Increasing the model complexity will always decrease the model training error. At very high levels of complexity, we should be able to in effect perfectly predict every single point in the training data set and the training error should be near 0. Similarly, the true prediction error initially falls. The linear model without polynomial terms seems a little too simple for this data set. However, once we pass a certain point, the true prediction error starts to rise. At these high levels of complexity, the additional complexity we are adding helps us fit our training data, but it causes the model to do a worse job of predicting new data.
增加模型复杂度将始终减少模型训练误差。在非常高的复杂度下，我们实际上应该能够完美地预测训练数据集中的每个点，并且训练误差应该接近于0。类似地，真正的预测误差最初会下降。对于该数据集，没有多项式项的线性模型似乎过于简单。但是，一旦经过某个点，真实的预测误差就会开始上升。在如此高的复杂度下，我们添加的额外复杂度有助于我们拟合训练数据，但是这会使模型在预测新数据方面做得更差。
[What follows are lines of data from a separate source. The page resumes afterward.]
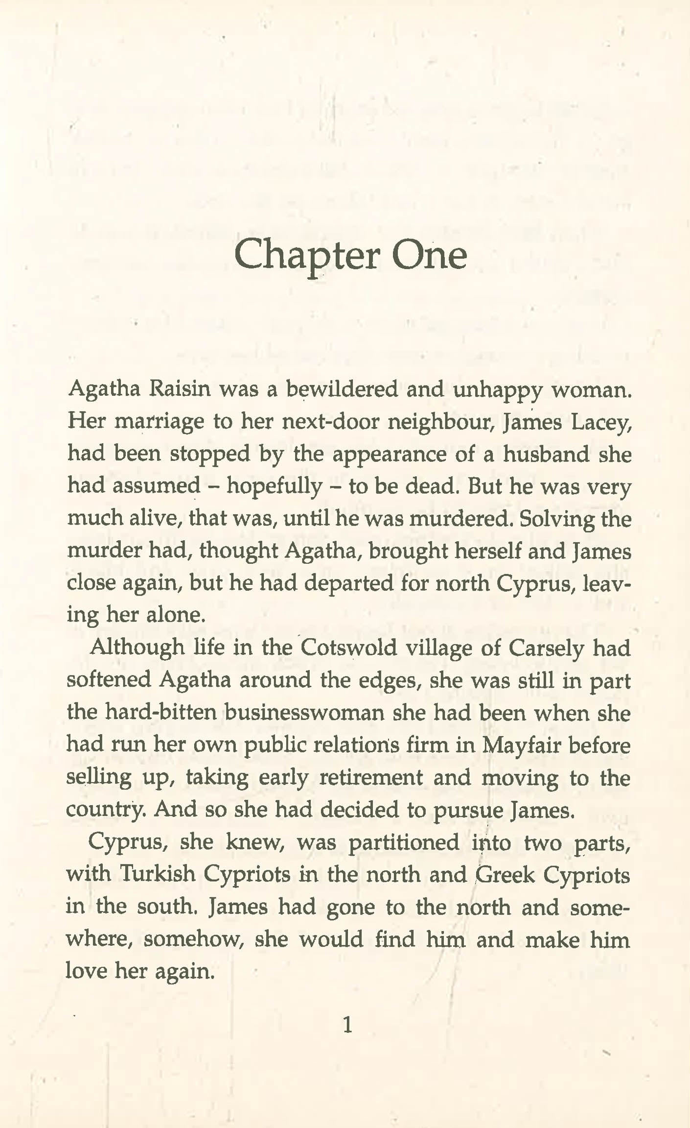 In this sixth entertaining outing Agatha leaves the sleepy Cotswold village of Carsely to pursue love - and finds a murderer. Spurned at the altar, she follows her fleeing fiance James Lacey to Cyprus, where, instead of enjoying the honeymoon they'd planned, they witness the killing of an obnoxious tourist in a disco. Intrigue and a string of murders surround the unlikely couple, in a plot as scorching as the Cypriot sun!
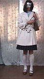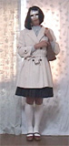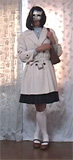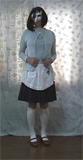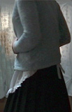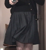 | このスカートもはじめて着けるもので、撮影もはじめてです。なので、別にコーナーを設けて写真をアップしました。ここはエプロン関係です。 純子のスカートとしては長い方で膝丈と言っていいかと思います。黒に見えますが、チャコールグレーの総襞プリーツスカートです。裏地なし。 実はこのスカートを着けている時に、このエプロンを試してみようと思い立ったのでした。前日にずっとこのスカートで暮らした翌朝のことでした。 このスカート姿でお洗濯をする準備をしていた時に目に留まり、おや、意外と合うかも、って閃いて鏡の前で着けて見たのがはじまりでした... |
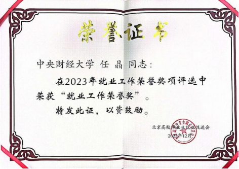 2023年12月,经过学院、学校两级推荐,365英国官网本科生辅导员任晶在北京高校2023年就业工作荣誉奖项评选工作中荣获“就业工作荣誉奖”。
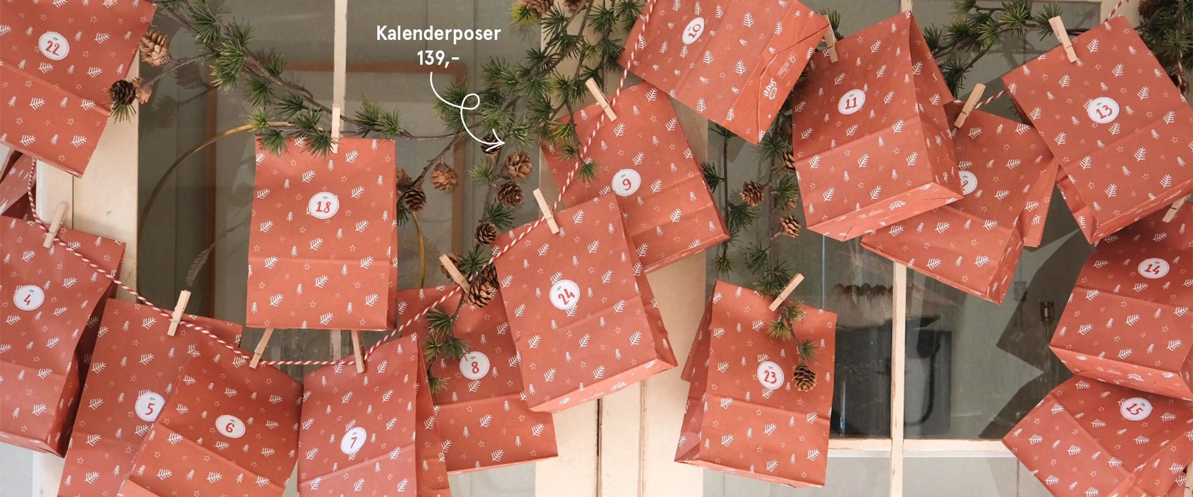 Pakk inn den hjemmelagde julekalenderen i kalenderposer med herlig julemotiv. Klistre på tall fra 1 til 24 og heng den dekorative adventskalenderen opp. Eller velg en julekalender med lommer som kan brukes år etter år, og er supert for miljøet! Den gjenbrukbare kalenderen er holdbar og glir fint inn i barneromsinteriøret med sitt klassiske design.
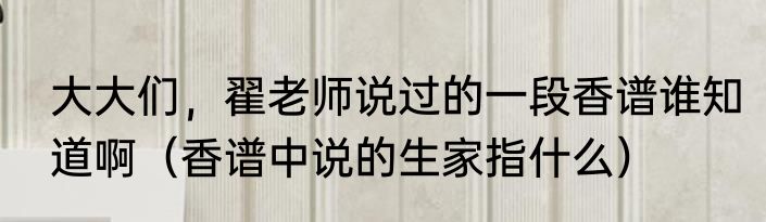 大大们,翟老师说过的一段香谱谁知道啊(香谱中说的生家指什么)
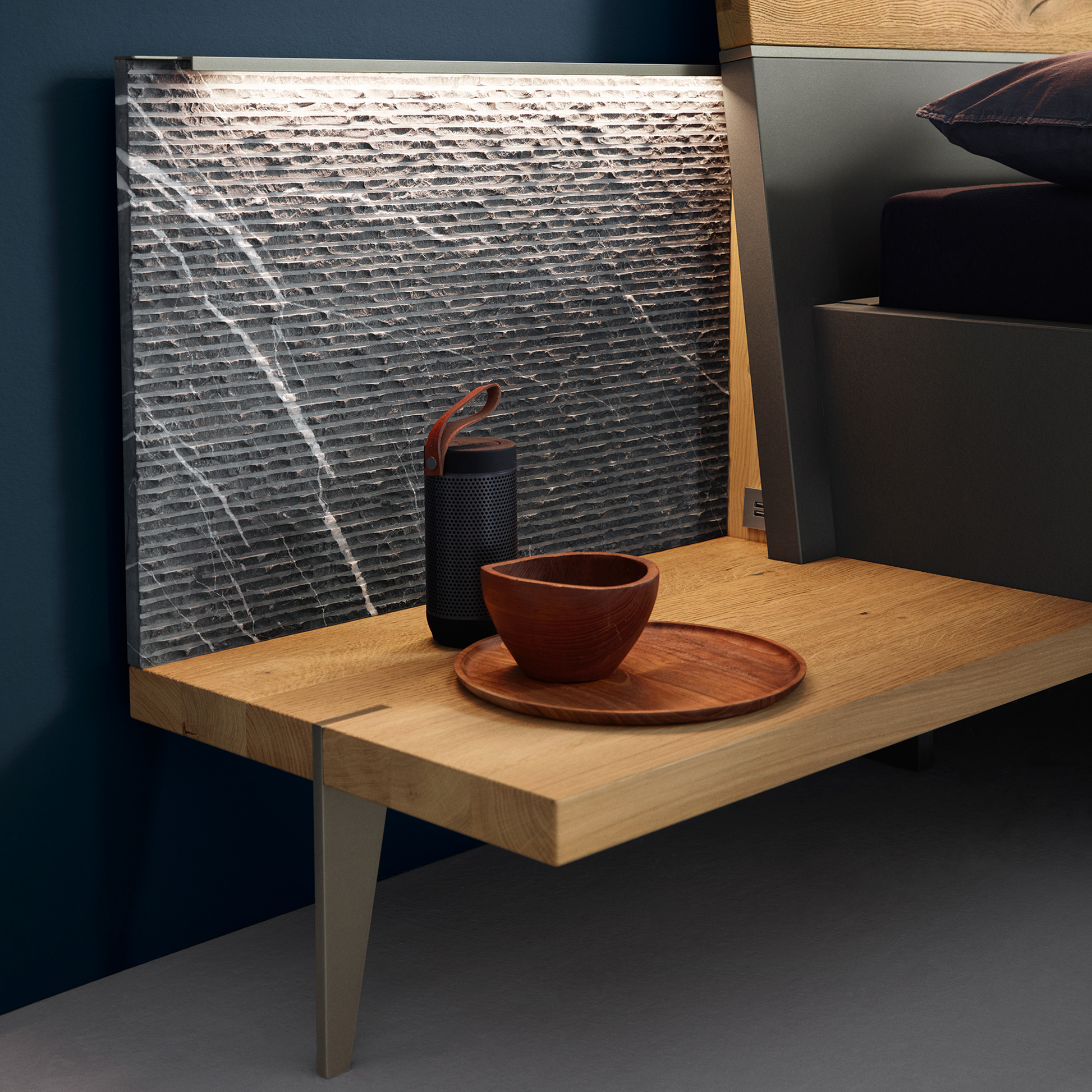 Natürliche Wärme und ein Hauch Extravaganz. Wo edelster Naturstein auf gebürstete Wildeiche und graphitfarbige Lackelemente trifft, wird Schlafen zur schönsten Nebensache der Welt.
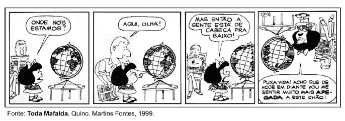 A personagem Mafalda, que está em Buenos Aires, olha o globo em que o Norte está para cima e afirma: "a gente está de cabeça pra baixo". Quem olha para o céu noturno dessa posição geográfica não vê a estrela Polar, referência do polo astronômico Norte, e sim o Cruzeiro do Sul, referência do polo astronômico Sul. Se os polos do globo de Mafalda estivessem posicionados de acordo com os polos astronômicos, ou seja, o polo geográfico Sul apontando para o polo astronômico Sul, seria correto afirmar que
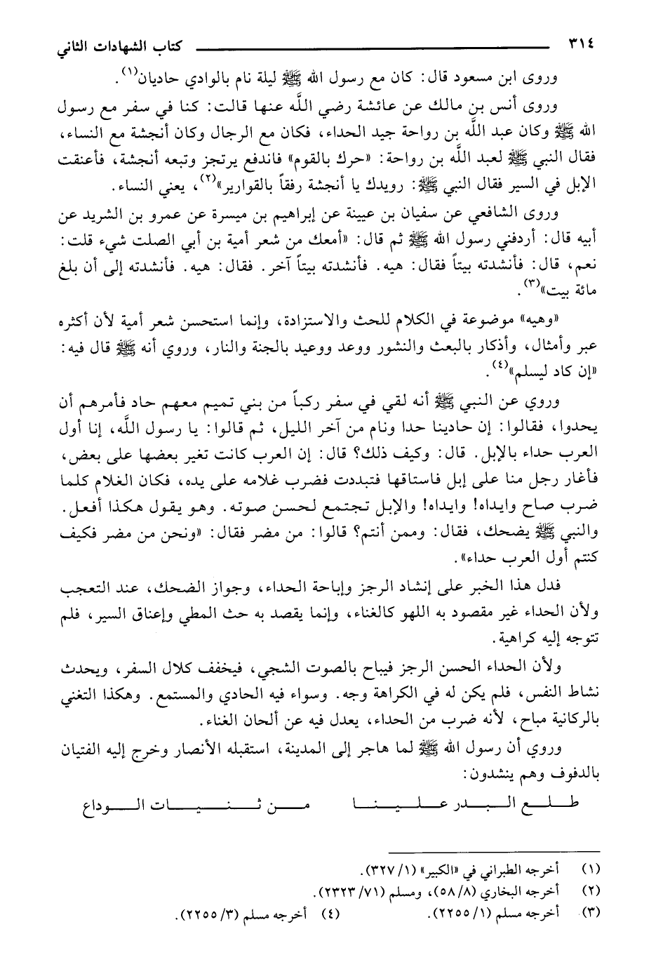 وروى أنس بن مالك، عن عائشة رضي الله عنها قالت: كنا في سفر رسول الله {صلى الله عليه وسلم}، وكان عبد الله بن رواحة جيد الحداء، فكان مع الرجال، وكان أنجشة مع النساء، فقال النبي {صلى الله عليه وسلم} لعبد الله بن رواحة: " حرك بالقوم "، فاندفع يرتجز، وتبعه أنجشة، فأعنقت الإبل في السير، فقال النبي {صلى الله عليه وسلم} "رويدك يا أنجشة رفقًا بالقوارير" يعني النساء. وروى الشافعي عن سفيان بن عيينة عن إبراهيم بن ميسرة عن عمرو بن الشريد عن أبيه قال: أردفني رسول الله {صلى الله عليه وسلم} ثم قال: "أمعك من شعر أمية بن أبي الصلت شيء؟ قلت: نعم. قال: فأنشدته بيتا فقال: هيه. فأنشدته بيتا آخر. فقال: هيه. فأنشدته إلى أن بلغ مائة بيت".
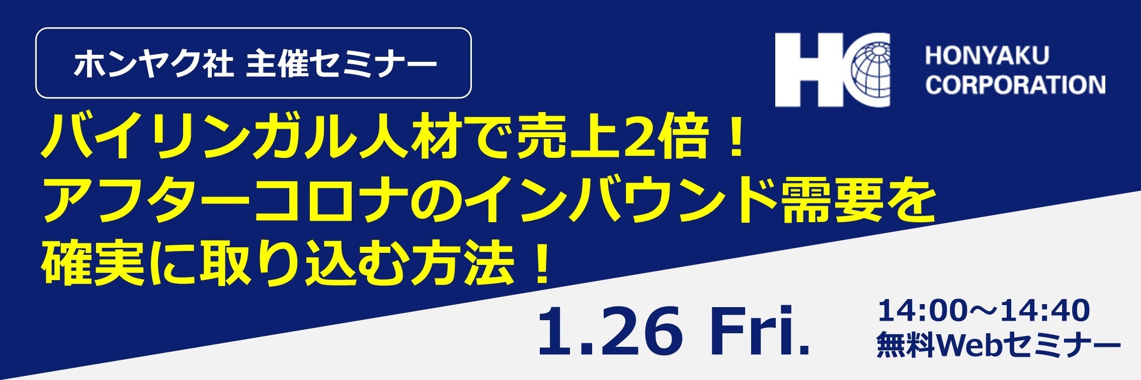 ホンヤク社主催Webセミナー『バイリンガル人材で売上2倍!アフターコロナのインバウンド需要を確実に取り込む方法!』2024年1月26日(金)開催
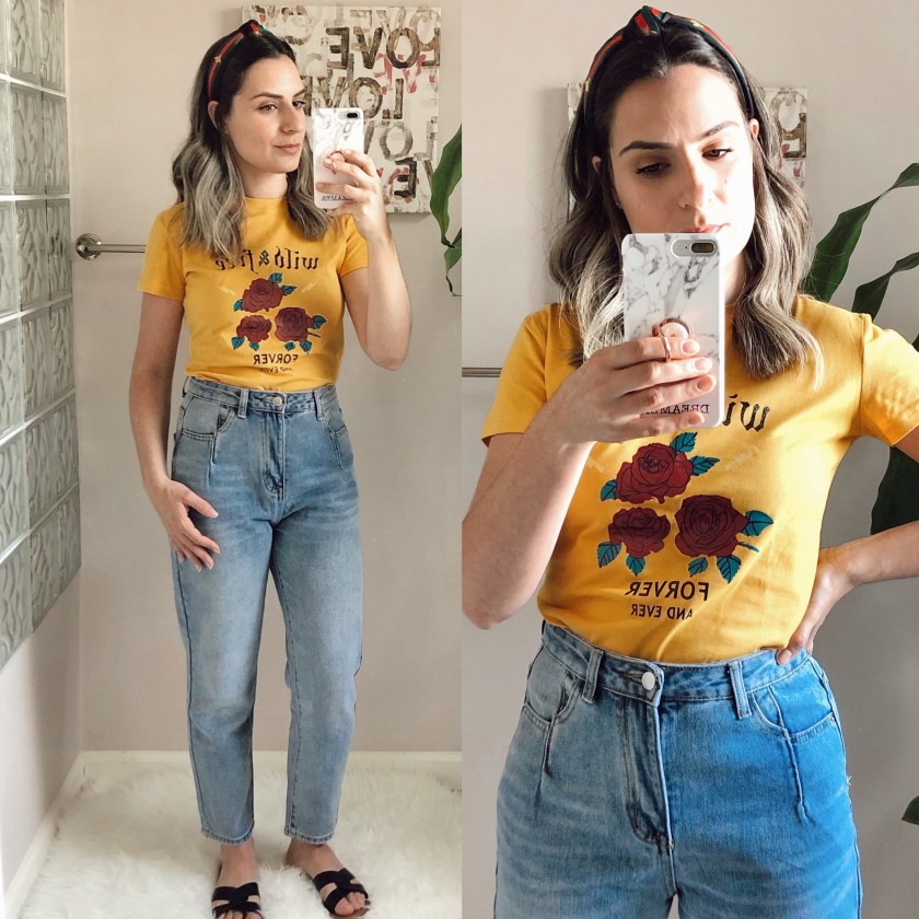 I missed wearing jeans sooo much that when I tried this must have mom jeans I did not want to take it out. Its super comfy and even though the fit is more relaxed it hugs you in all the right places. I love that is super high waisted so I paired it with this cute yellow mustard tee shirt tucked inside. Definetly one of my go to daily outfits but since we are not leaving the house I just tend to wear joggers or pajamas. Haha.

This is a case of overfitting the training data. In this region the model training algorithm is focusing on precisely matching random chance variability in the training set that is not present in the actual population. We can see this most markedly in the model that fits every point of the training data; clearly this is too tight a fit to the training data.
这是过度拟合训练数据的情况。在该区域中，模型训练算法专注于精确匹配实际人群中不存在的训练集中的随机机会变异性。我们可以在适合训练数据每个点的模型中最明显地看到这一点；显然，这太适合训练数据了。

Preventing overfitting is a key to building robust and accurate prediction models. Overfitting is very easy to miss when only looking at the training error curve. To detect overfitting you need to look at the true prediction error curve. Of course, it is impossible to measure the exact true prediction curve (unless you have the complete data set for your entire population), but there are many different ways that have been developed to attempt to estimate it with great accuracy. The second section of this work will look at a variety of techniques to accurately estimate the model’s true prediction error.
防止过度拟合是构建可靠且准确的预测模型的关键。仅查看训练误差曲线时，很容易错过过度拟合。要检测过度拟合，您需要查看真实的预测误差曲线。当然，不可能测量出准确的真实预测曲线（除非您拥有整个人口的完整数据集），但是已经开发出许多不同的方法来尝试以很高的准确性进行估计。这项工作的第二部分将研究各种技术，以准确估计模型的真实预测误差。

1.2 An Example of the Cost of Poorly Measuring Error

错误测量误差的成本示例

Let’s look at a fairly common modeling workflow and use it to illustrate the pitfalls of using training error in place of the true prediction error 2. We’ll start by generating 100 simulated data points. Each data point has a target value we are trying to predict along with 50 different parameters. For instance, this target value could be the growth rate of a species of tree and the parameters are precipitation, moisture levels, pressure levels, latitude, longitude, etc. In this case however, we are going to generate every single data point completely randomly. Each number in the data set is completely independent of all the others, and there is no relationship between any of them.
让我们看一个相当普通的建模工作流程，并用它来说明使用训练误差代替真实的预测误差的陷阱。我们将从生成100个模拟数据点开始。每个数据点都有一个我们尝试预测的目标值以及50个不同的参数。例如，该目标值可以是一棵树的生长速率，参数是降水，湿度，压力水平，纬度，经度等。但是，在这种情况下，我们将完全随机地生成每个数据点。数据集中的每个数字都完全独立于所有其他数字，并且它们之间没有任何关系。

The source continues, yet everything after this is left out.